Data records
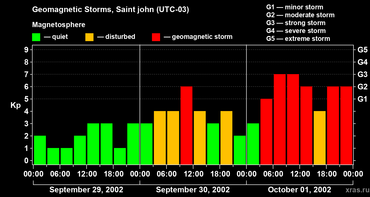 Geomagnetic storms in Saint john — Oct 01, 2002
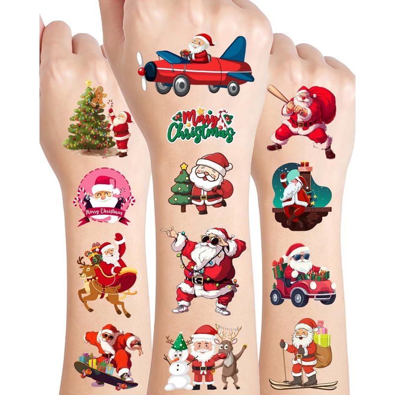 - Great fun for any Christmas party,These cute Santa tattoos could create a festive atmosphere to home,office,school and party site for your family,friends and schoolmates
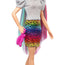 - Cepilla el pelo largo de color arcoíris de la muñeca Barbie a un lado para revelar un hermoso aspecto de arcoíris degradado A continuación, activa la función de cambio de color añadiendo agua fría en el lateral y mira cómo aparece un estampado de leopardo ¡Tan genial!
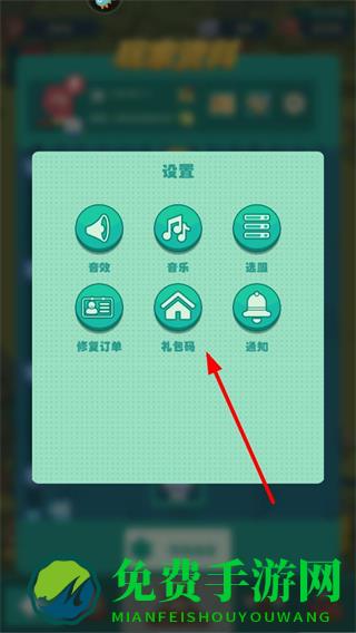 3、在设置界面中,点击礼包码选项,弹出礼包码输入框,准备输入礼包码。
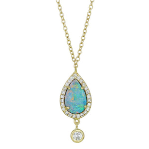Stunning Australian opal necklace surrounded in sparkly diamonds with a little diamond drop.
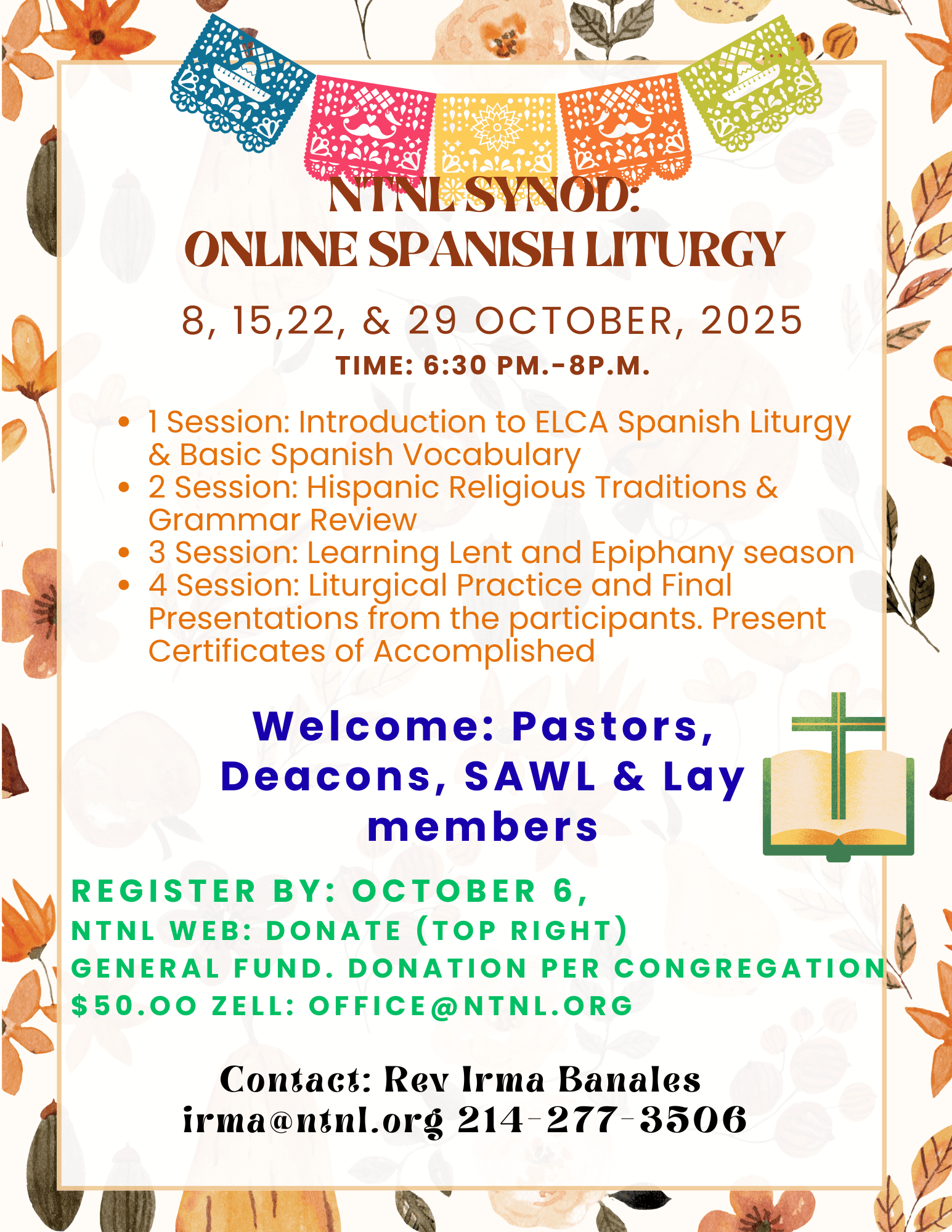 If you have any questions please contact Pastor Irma Banales at Irma@NTNL.org
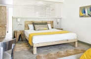 Ces chambres de 35 m2 à l’atmosphère balnéaire, au design épuré, aux teintes naturelles avec des touches de jaune ensoleillé, sont situées dans de charmants bungalows traditionnels, d’un ou de deux étages, aux toits de chaume.

Activity
Word for word, reproduce all of the entries above and omit the pictures.

Answer box
 Geomagnetic storms in Saint john — Oct 01, 2002
 - Great fun for any Christmas party,These cute Santa tattoos could create a festive atmosphere to home,office,school and party site for your family,friends and schoolmates
 - Cepilla el pelo largo de color arcoíris de la muñeca Barbie a un lado para revelar un hermoso aspecto de arcoíris degradado A continuación, activa la función de cambio de color añadiendo agua fría en el lateral y mira cómo aparece un estampado de leopardo ¡Tan genial!
 3、在设置界面中,点击礼包码选项,弹出礼包码输入框,准备输入礼包码。
Stunning Australian opal necklace surrounded in sparkly diamonds with a little diamond drop.
 If you have any questions please contact Pastor Irma Banales at Irma@NTNL.org
 Ces chambres de 35 m2 à l’atmosphère balnéaire, au design épuré, aux teintes naturelles avec des touches de jaune ensoleillé, sont situées dans de charmants bungalows traditionnels, d’un ou de deux étages, aux toits de chaume.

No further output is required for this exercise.